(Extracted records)
________
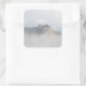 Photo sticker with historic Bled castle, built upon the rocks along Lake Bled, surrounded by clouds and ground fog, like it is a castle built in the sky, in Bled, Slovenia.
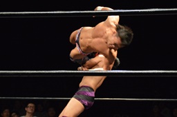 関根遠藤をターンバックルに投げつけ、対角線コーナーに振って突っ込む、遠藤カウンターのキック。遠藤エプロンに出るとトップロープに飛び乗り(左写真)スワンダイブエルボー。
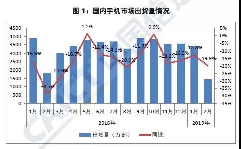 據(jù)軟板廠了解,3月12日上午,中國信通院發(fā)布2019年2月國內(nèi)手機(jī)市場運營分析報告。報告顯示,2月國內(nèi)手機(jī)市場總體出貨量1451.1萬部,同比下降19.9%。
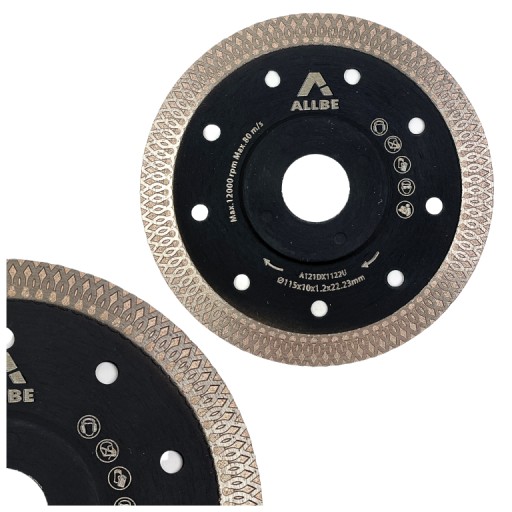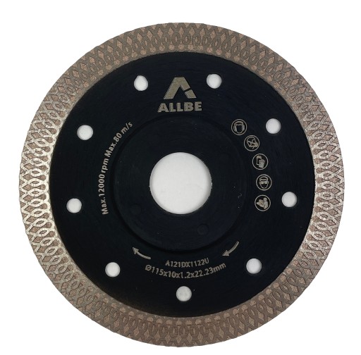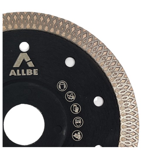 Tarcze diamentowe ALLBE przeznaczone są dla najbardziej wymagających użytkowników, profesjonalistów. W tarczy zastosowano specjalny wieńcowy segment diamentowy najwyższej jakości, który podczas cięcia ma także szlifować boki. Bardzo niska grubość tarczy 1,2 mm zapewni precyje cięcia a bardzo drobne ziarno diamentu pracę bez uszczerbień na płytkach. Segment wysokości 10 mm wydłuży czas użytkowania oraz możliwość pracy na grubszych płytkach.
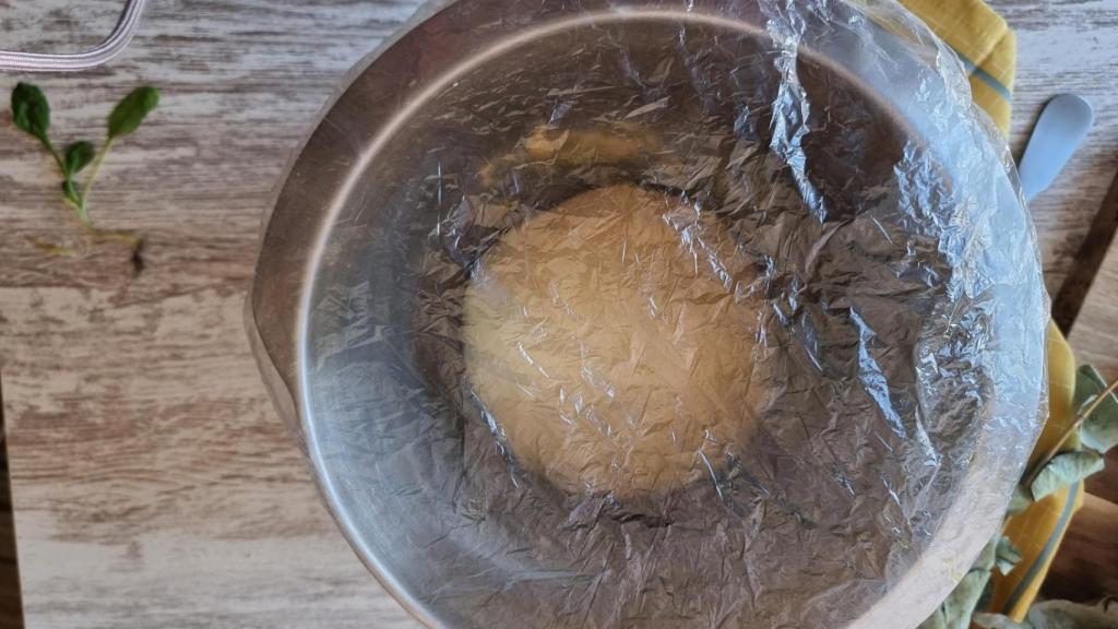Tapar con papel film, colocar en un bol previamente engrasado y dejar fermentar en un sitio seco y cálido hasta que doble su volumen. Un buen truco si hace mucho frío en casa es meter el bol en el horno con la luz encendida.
________
Work to be completed -> Faithful copy, images left out: write out every line of data.

Final answer ->
 Photo sticker with historic Bled castle, built upon the rocks along Lake Bled, surrounded by clouds and ground fog, like it is a castle built in the sky, in Bled, Slovenia.
 関根遠藤をターンバックルに投げつけ、対角線コーナーに振って突っ込む、遠藤カウンターのキック。遠藤エプロンに出るとトップロープに飛び乗り(左写真)スワンダイブエルボー。
 據(jù)軟板廠了解,3月12日上午,中國信通院發(fā)布2019年2月國內(nèi)手機(jī)市場運營分析報告。報告顯示,2月國內(nèi)手機(jī)市場總體出貨量1451.1萬部,同比下降19.9%。
 Tarcze diamentowe ALLBE przeznaczone są dla najbardziej wymagających użytkowników, profesjonalistów. W tarczy zastosowano specjalny wieńcowy segment diamentowy najwyższej jakości, który podczas cięcia ma także szlifować boki. Bardzo niska grubość tarczy 1,2 mm zapewni precyje cięcia a bardzo drobne ziarno diamentu pracę bez uszczerbień na płytkach. Segment wysokości 10 mm wydłuży czas użytkowania oraz możliwość pracy na grubszych płytkach.
Tapar con papel film, colocar en un bol previamente engrasado y dejar fermentar en un sitio seco y cálido hasta que doble su volumen. Un buen truco si hace mucho frío en casa es meter el bol en el horno con la luz encendida.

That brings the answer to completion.